» What you have to do
Reproduce the listing below exactly, except for its pictures.

++++ The data

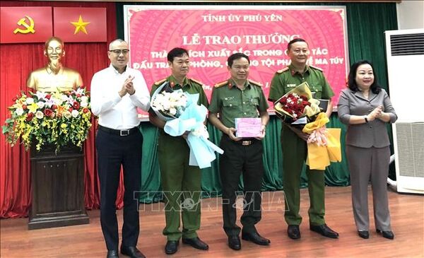 TTXVN - Ngày 6/12, tại thị xã Trảng Bàng, tỉnh Tây Ninh, Công an tỉnh Tây Ninh tổ chức trao giấy khen của Giám đốc Công an tỉnh cho Đại úy Nguyễn Toàn Quốc, Phó Trưởng Công an phường Lộc Hưng, thị xã Trảng Bàng và ba người dân đã có thành tích xuất sắc trong phong trào toàn dân bảo vệ an ninh Tổ quốc; dũng cảm, quyết tâm, quyết liệt trong truy bắt đối tượng cướp giật tài sản. Đó là: ông Nguyễn Thành Đô, 54 tuổi, ngụ phường Lộc Hưng, thị xã Trảng Bàng; anh Trịnh Việt Hiếu, 37 tuổi, ngụ xã Phước Đông, huyện Gò Dầu (Tây Ninh) và anh Nguyễn Duy Khương, 24 tuổi, ngụ xã Thanh Phước, huyện Gò Dầu.
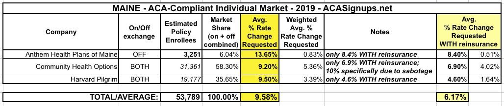 Shout-out to Mitchell Stein for this heads up: The Maine Bureau of Insurance has posted their preliminary 2019 individual and small group policy premium rate filings.
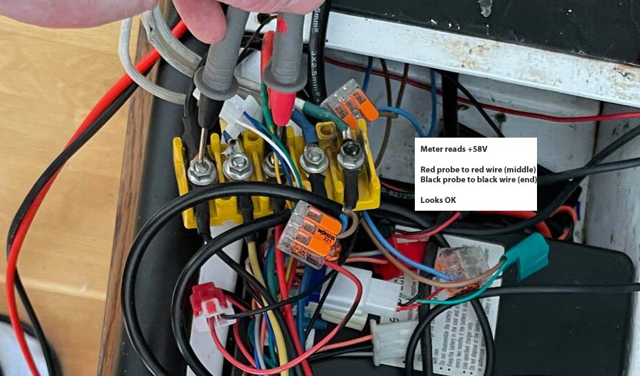 Finally and this just occurred to me, if this is a 14S lithium battery, i.e, 58.6V, it's already fully charged (your picture shows 58.46) and the charger won't charge anyway.
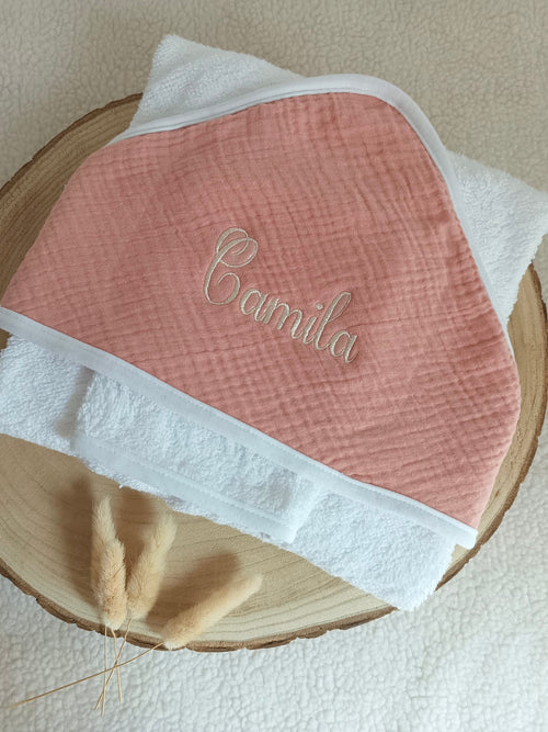 Doudou lange gaze de coton et polaire - rose - personnalisable - -

++++++++

» Task answer
 TTXVN - Ngày 6/12, tại thị xã Trảng Bàng, tỉnh Tây Ninh, Công an tỉnh Tây Ninh tổ chức trao giấy khen của Giám đốc Công an tỉnh cho Đại úy Nguyễn Toàn Quốc, Phó Trưởng Công an phường Lộc Hưng, thị xã Trảng Bàng và ba người dân đã có thành tích xuất sắc trong phong trào toàn dân bảo vệ an ninh Tổ quốc; dũng cảm, quyết tâm, quyết liệt trong truy bắt đối tượng cướp giật tài sản. Đó là: ông Nguyễn Thành Đô, 54 tuổi, ngụ phường Lộc Hưng, thị xã Trảng Bàng; anh Trịnh Việt Hiếu, 37 tuổi, ngụ xã Phước Đông, huyện Gò Dầu (Tây Ninh) và anh Nguyễn Duy Khương, 24 tuổi, ngụ xã Thanh Phước, huyện Gò Dầu.
 Shout-out to Mitchell Stein for this heads up: The Maine Bureau of Insurance has posted their preliminary 2019 individual and small group policy premium rate filings.
 Finally and this just occurred to me, if this is a 14S lithium battery, i.e, 58.6V, it's already fully charged (your picture shows 58.46) and the charger won't charge anyway.
 Doudou lange gaze de coton et polaire - rose - personnalisable - -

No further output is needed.